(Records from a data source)
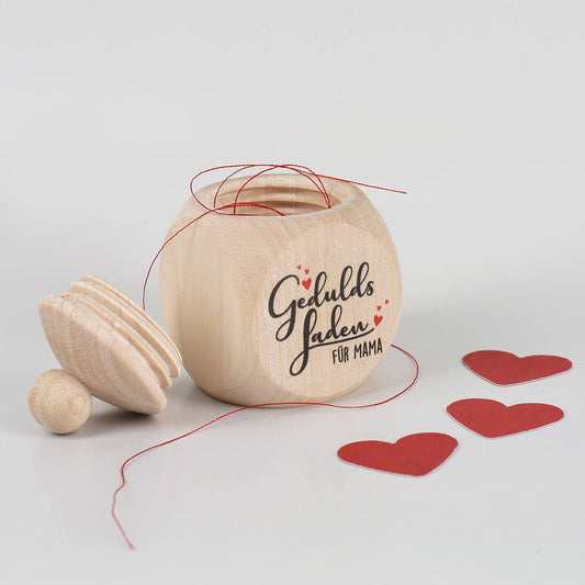 Kleine Holzdose mit Geduldsfaden und Wunschtext
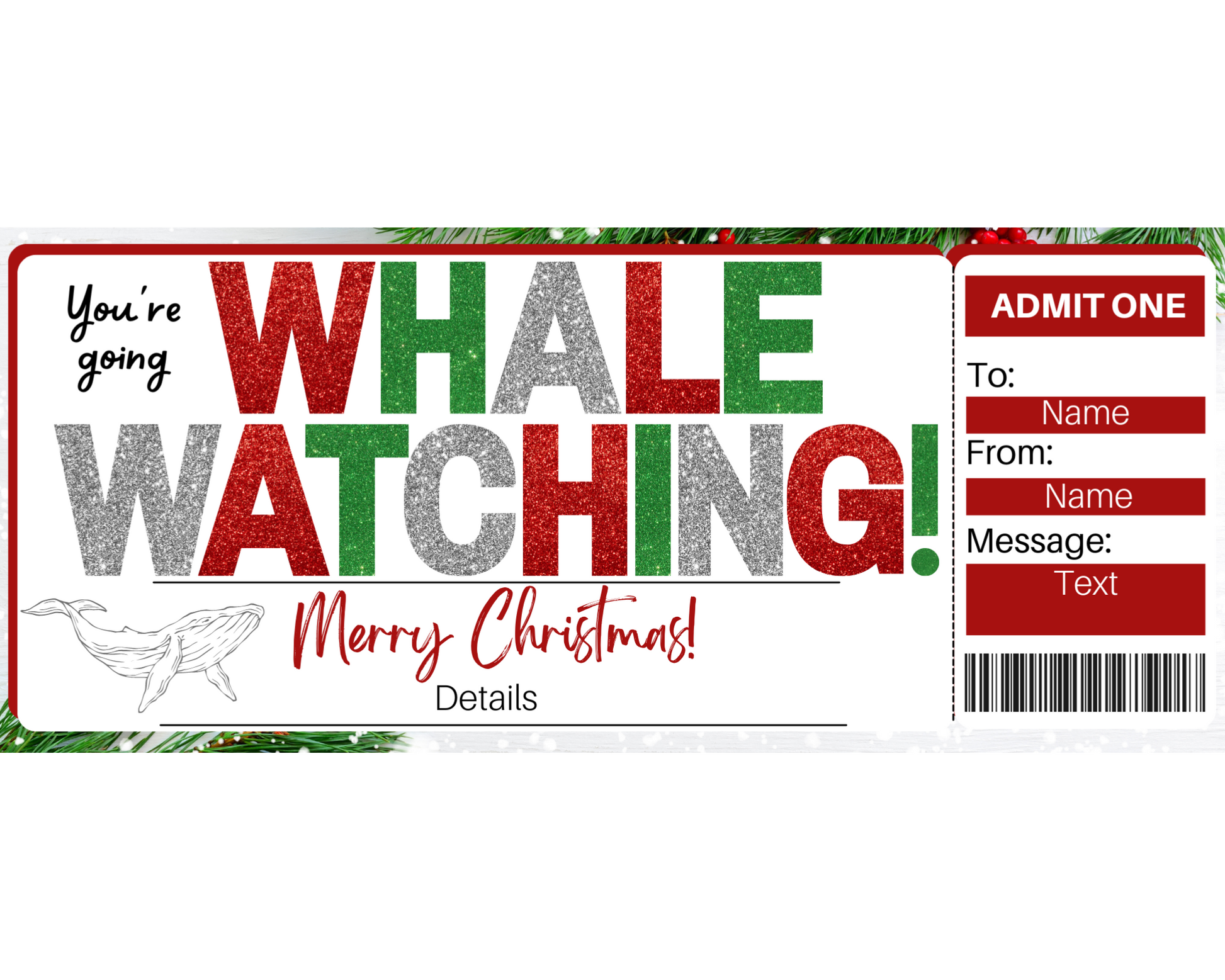 Christmas whale watching gift certificate. The perfect way to surprise someone with a whale watching trip for Christmas!
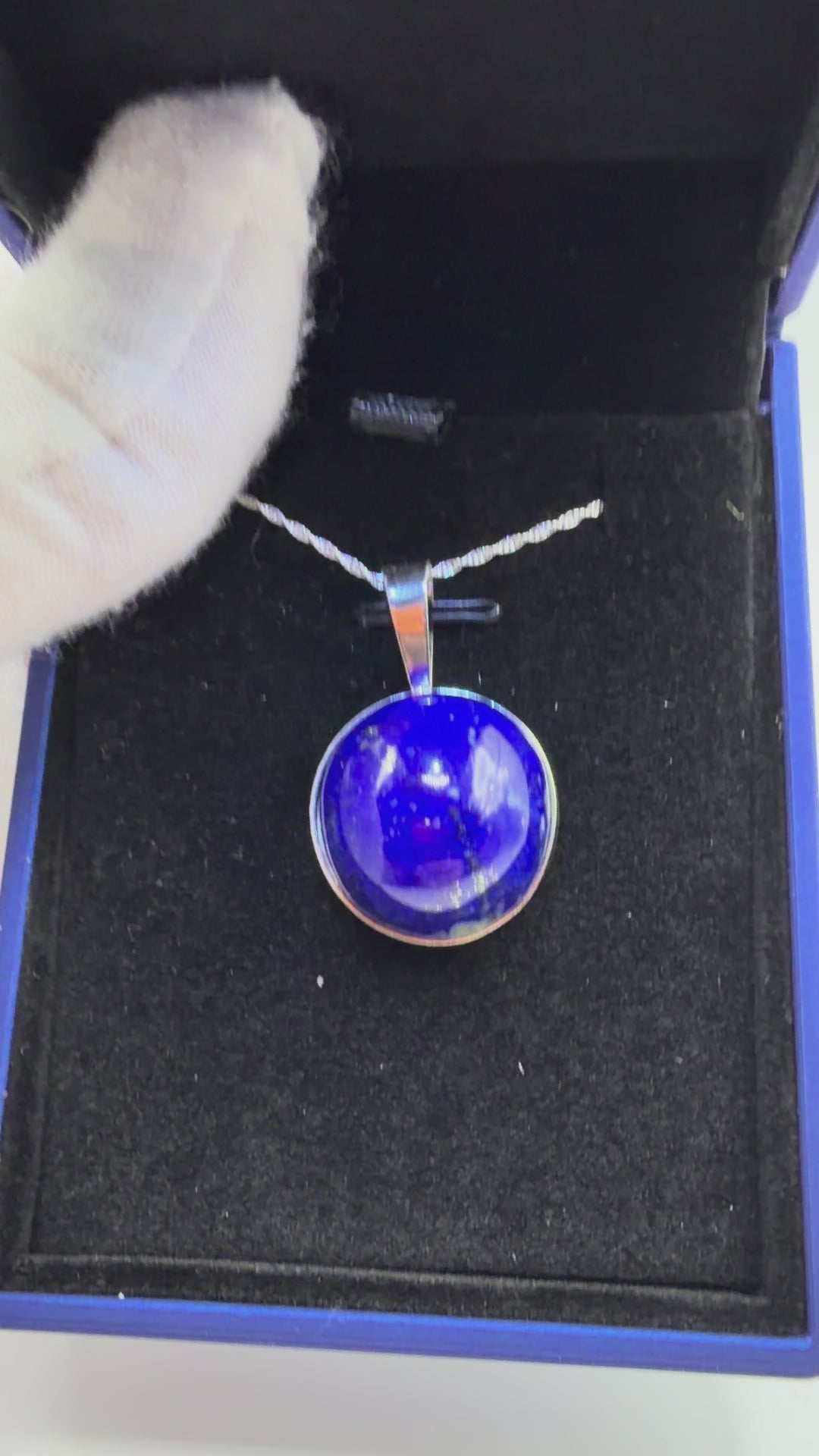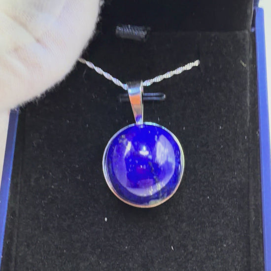 20mm Lapis Lazuli Pendant in Sterling Silver – Handcrafted in Maine (with 18” Chain)
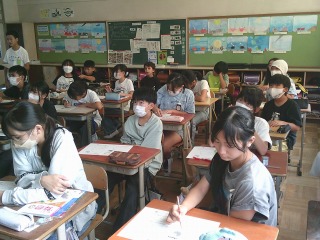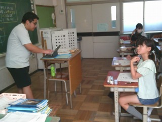 円の4分の1の大きさをどう計算すると面積を求めらるかを考えていました。いろんな意見が出て、活発な授業でした。
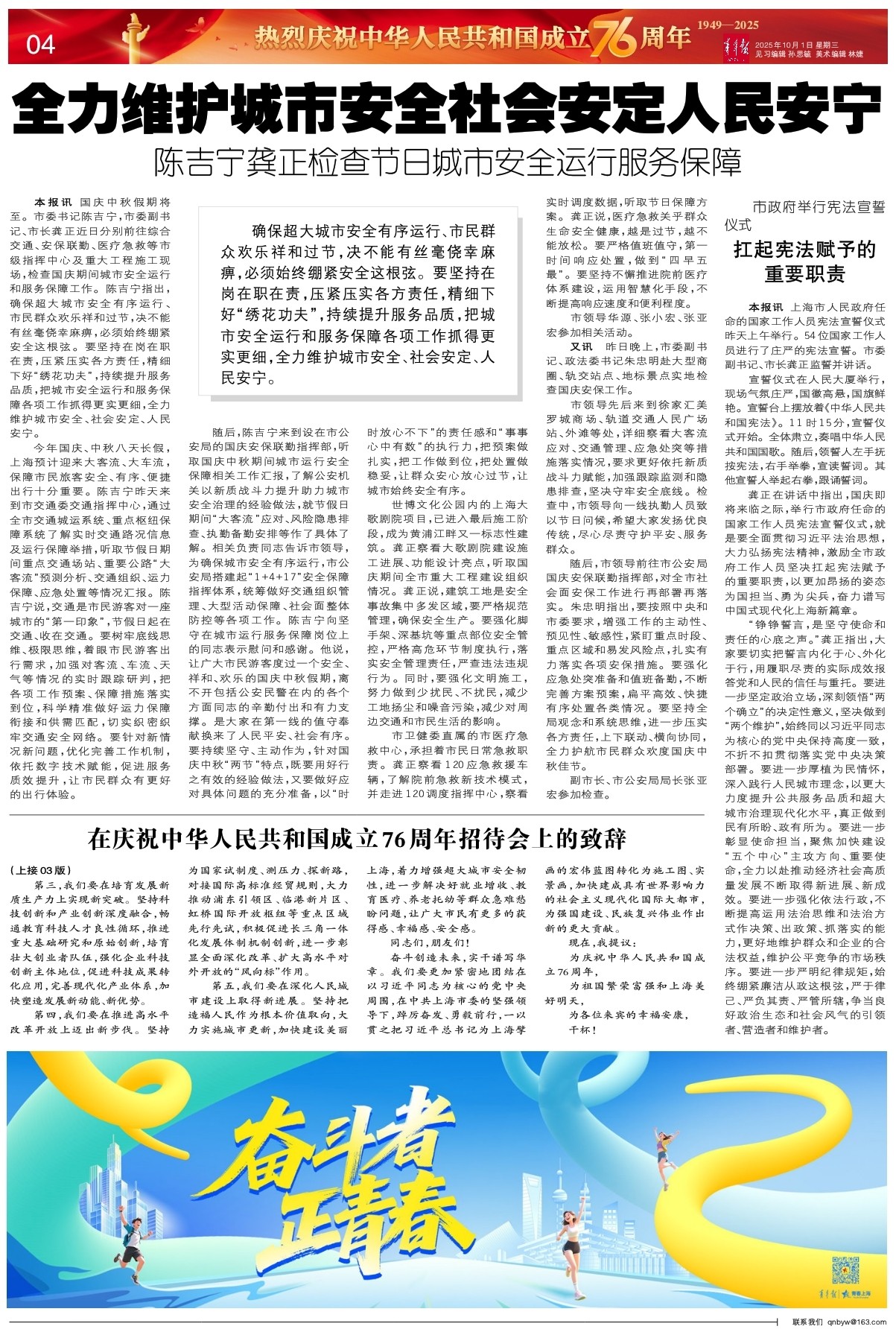 龚正在讲话中指出,国庆即将来临之际,举行市政府任命的国家工作人员宪法宣誓仪式,就是要全面贯彻习近平法治思想,大力弘扬宪法精神,激励全市政府工作人员坚决扛起宪法赋予的重要职责,以更加昂扬的姿态为国担当、勇为尖兵,奋力谱写中国式现代化上海新篇章。
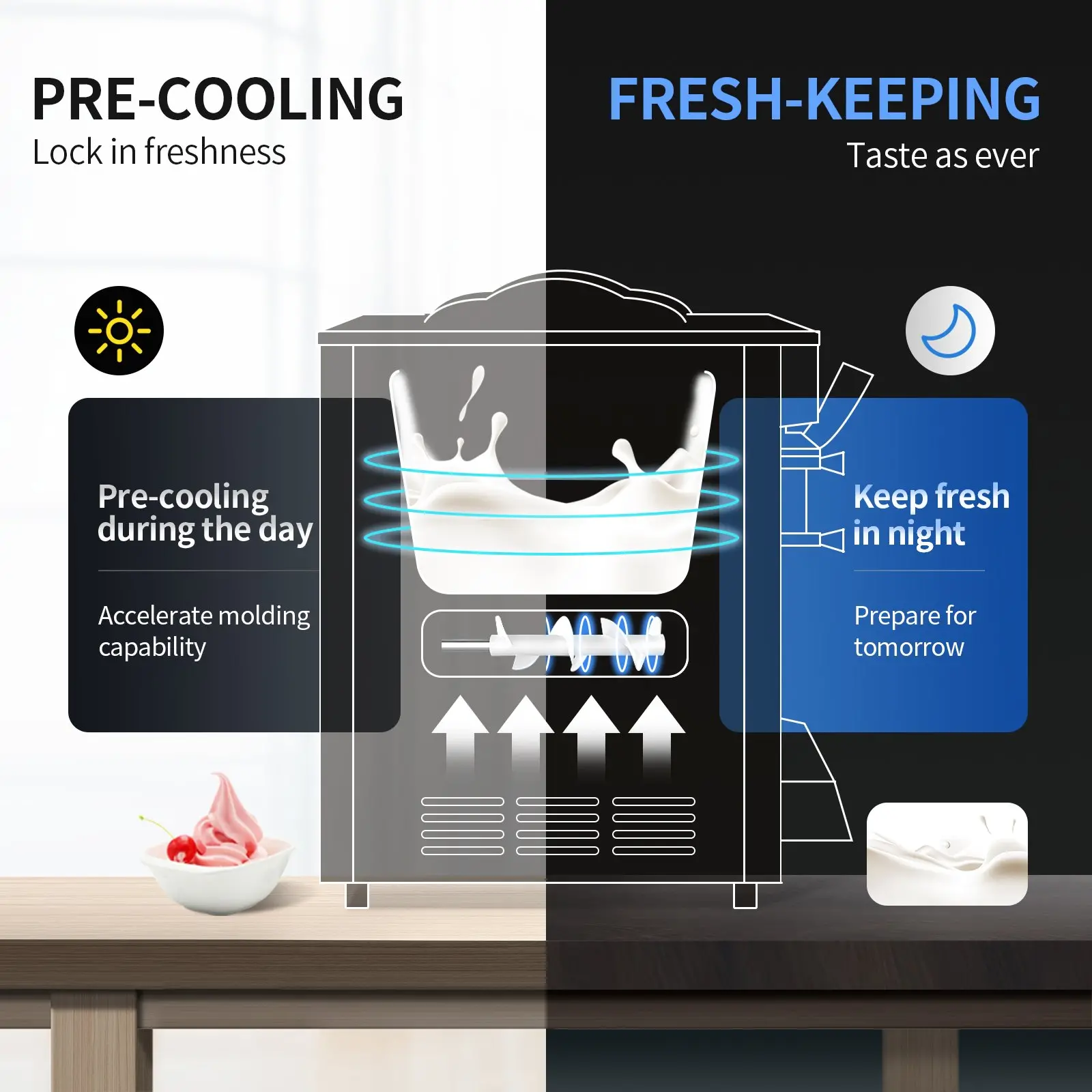 Hopper Capacity: 1.6 Gal / 6 L,Refrigerant: R410a & R134a,Model: BJH288SR2JB-Y,Product Weight: 202.8 lbs / 92 kg,Cylinder Capacity: 0.5 Gal / 2 L,Compressor: 1050W,Ice Cream Output: 5.8-7.9 Gal / 22-30 L per Hour,Voltage & Power: 110V / 60Hz; 2350W,Product Dimensions: 29.3″ x 21.3″ x 34″ / 74.5 x 54 x 86 cm
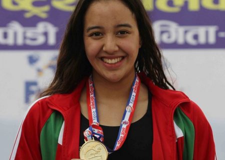१३औं दक्षिण एसियाली खेलकुद (साग) मा पौडितर्फ नेपाललाई चार स्वर्ण पदक दिलाएकी गौरिका सिंह तथा
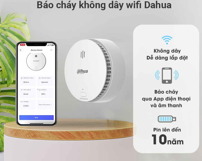 Sản phẩm sử dụng cảm biến quang điện độ nhạy cao, kết hợp kết nối WiFi 2.4GHz giúp người dùng giám sát và nhận cảnh báo cháy qua điện thoại di động mọi lúc, mọi nơi thông qua ứng dụng Dahua Life hoặc Imou.
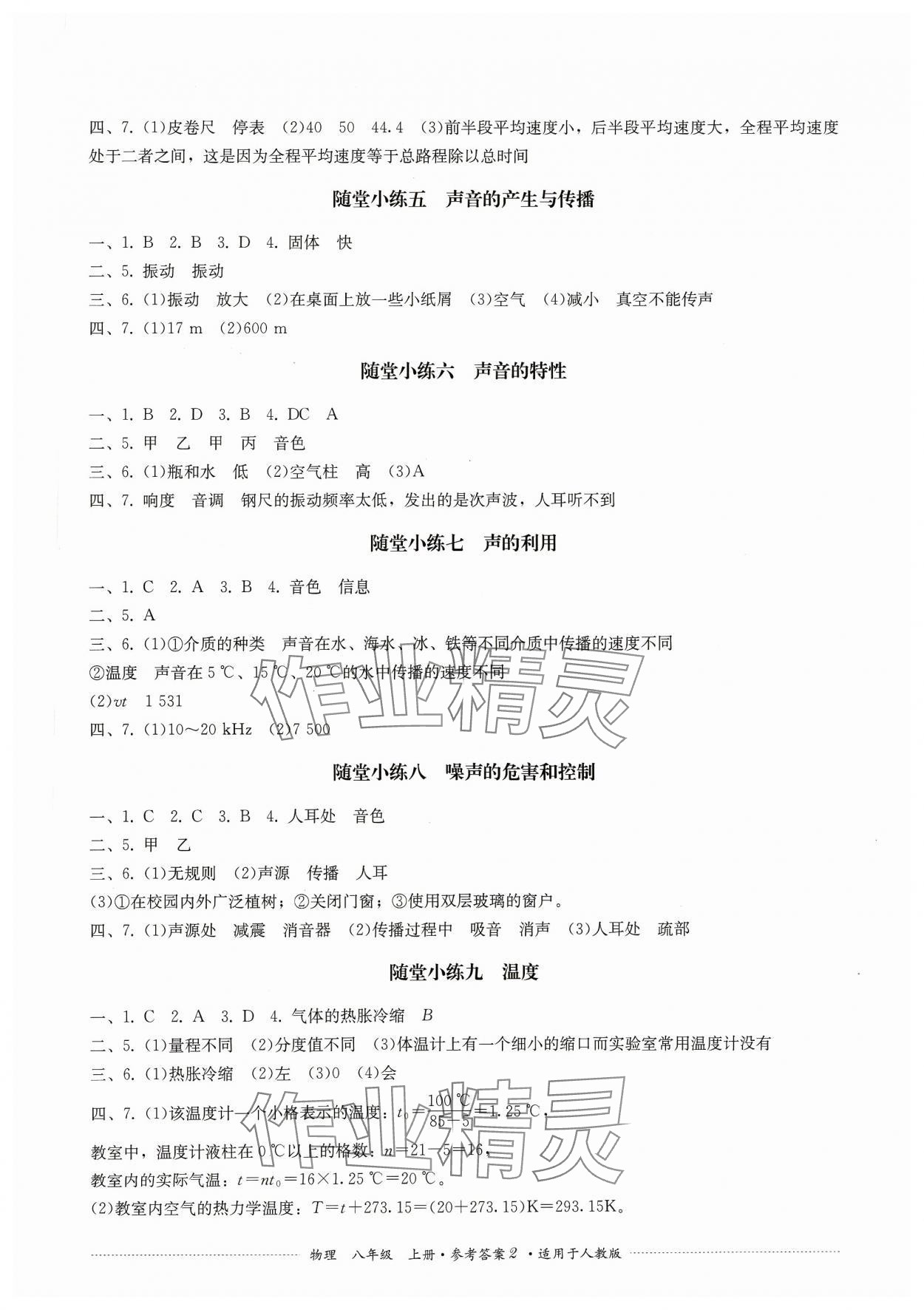 2023年精练过关四川教育出版社八年级物理上册人教版
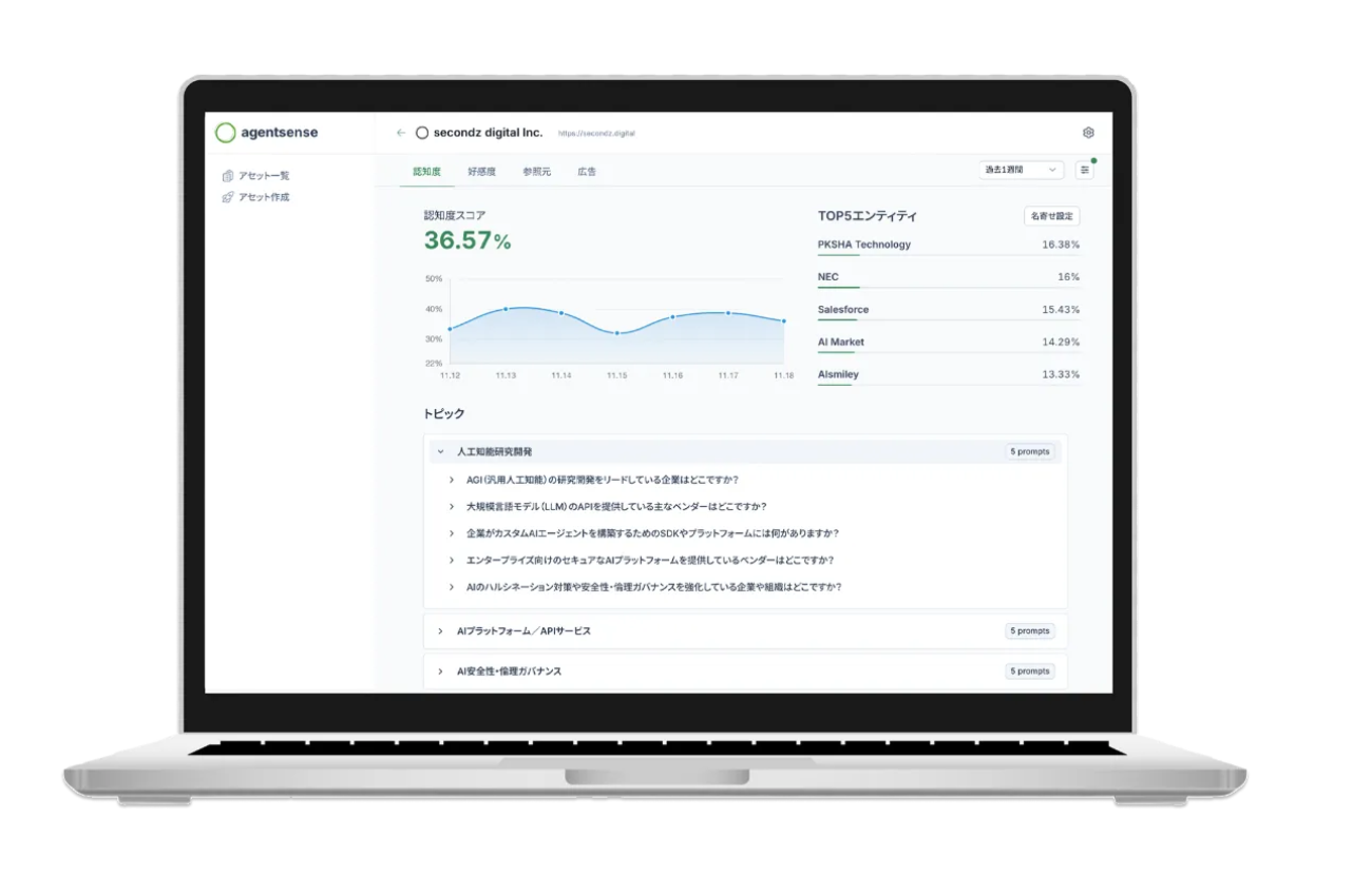 板井:その通りです。そこで、自社がAI検索上でどう扱われているかを把握する手段として活用できるのが、当社が提供するAI検索最適化のためのAIエージェント「secondz Agentsense」です。

◆ BRIEF
Leave the pictures out. Extract exactly the lines running from the one with "Sản phẩm sử" through the last entry, both ends included.

◆ WRITTEN RESPONSE
 Sản phẩm sử dụng cảm biến quang điện độ nhạy cao, kết hợp kết nối WiFi 2.4GHz giúp người dùng giám sát và nhận cảnh báo cháy qua điện thoại di động mọi lúc, mọi nơi thông qua ứng dụng Dahua Life hoặc Imou.
 2023年精练过关四川教育出版社八年级物理上册人教版
 板井:その通りです。そこで、自社がAI検索上でどう扱われているかを把握する手段として活用できるのが、当社が提供するAI検索最適化のためのAIエージェント「secondz Agentsense」です。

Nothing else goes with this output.